20 January 2012

Price Manipulation: Look for Motive

The Silver Arbitrageurs

In the 1970's Alan Rosenberg, a coin dealer, sold dollar bills that were silver certificates to a firm called Metals Quality. At the time, the Federal Reserve converted dollar silver certificates to a set amount of silver. Before the Fed finally discontinued the conversion, the converted silver was worth more than a dollar. The difference became great enough that it paid to buy up the certificates for slightly more than a dollar, convert the certificates to silver, and sell the silver for a profit. This is one of the rare instances of a true arbitrage.

Not everyone wanted to go through the trouble of handling the conversion, so people like Rosenberg collected certificates and sold them for more than one dollar each, but for less than the price of the silver represented by the certificate. It was worth it to Rosenberg to have someone else do the work of squeezing out the last bit of value.

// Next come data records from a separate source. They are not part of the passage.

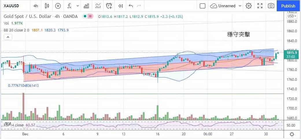 新变种病毒Omicron全球肆虐,疫情是否得以控制成关键。金市亦重复早日走势,金价跌穿1800美元后即现支持,显示此支持位对多头甚为重要,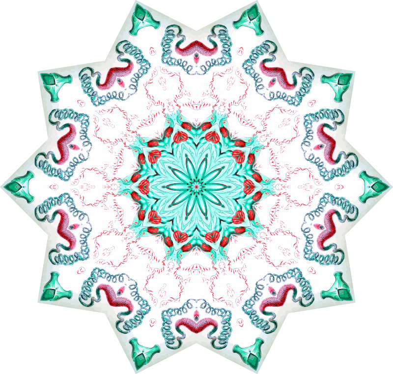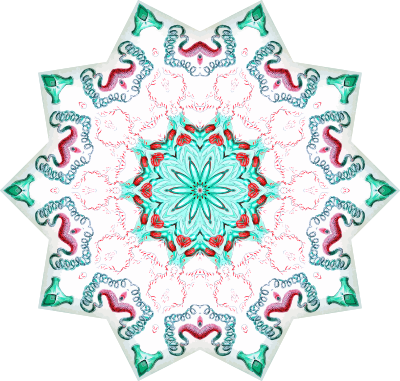 A design with approximate rotational symmetry formed from a drawing of hydrozoa by Ernst Haeckel. The design was drawn as a PNG in Paint.net by repeated rotation of wedges of the drawing around a centre point. It was vectorized in Vector Magic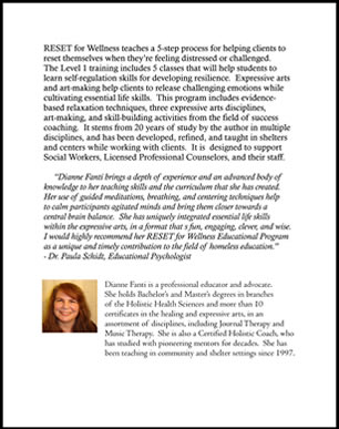 RESET for WellnessTM is a Continuing Education program for professionals that was developed by Dianne A. Fanti and teaches essential life skills through the healing and expressive arts. It includes evidence-based and field tested techniques that stem from 20 years of study in 8 disciplines. Visit: resetforwellness.com or fothnrc.org for more information.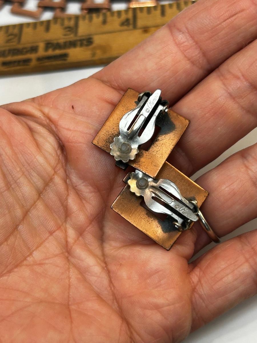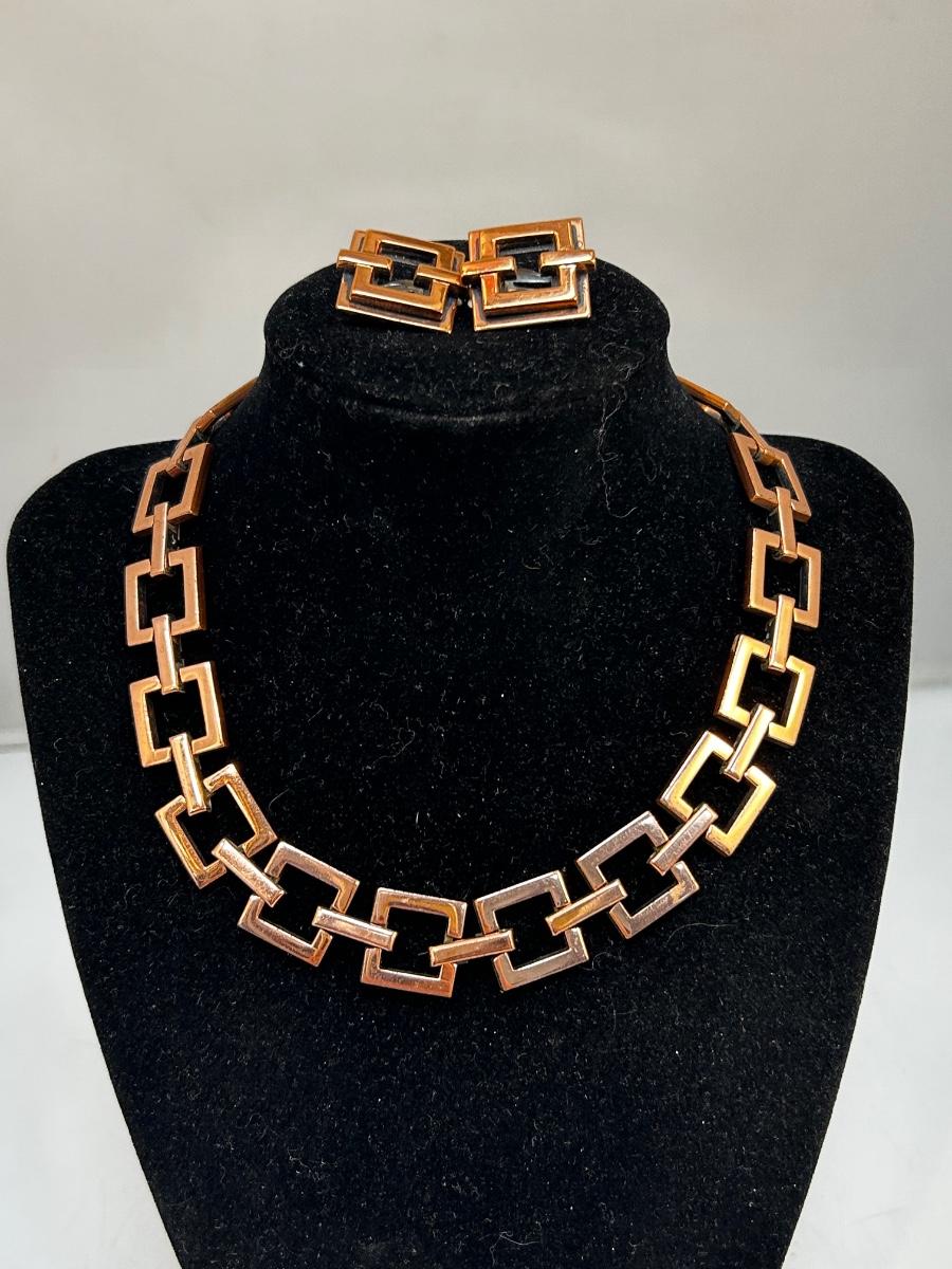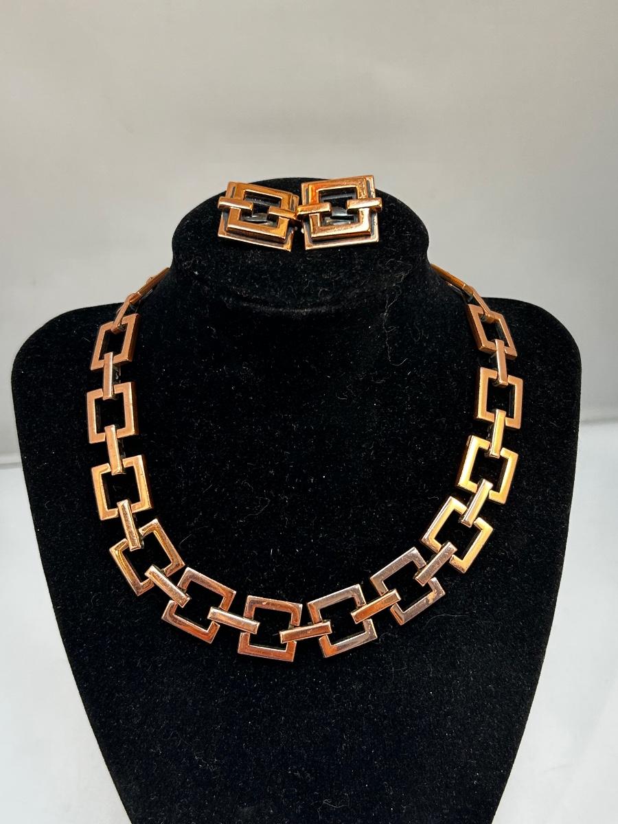Vintage Renoir Copper Geometric Square Choker Style Necklace with Matching Clip Style Earrings

That's where Metals Quality came in. It bought certificates from coin dealers and currency exchanges and handled the conversion to silver and sold the silver for a profit. Metals Quality paid Rosenberg for his silver certificates based on the first Comex price of silver for the day (less something for the trouble of the conversion and some profit). It made no difference whether the first price of the day was based on one contract or 100 contracts. Each contract represents 10,000 ounces of silver.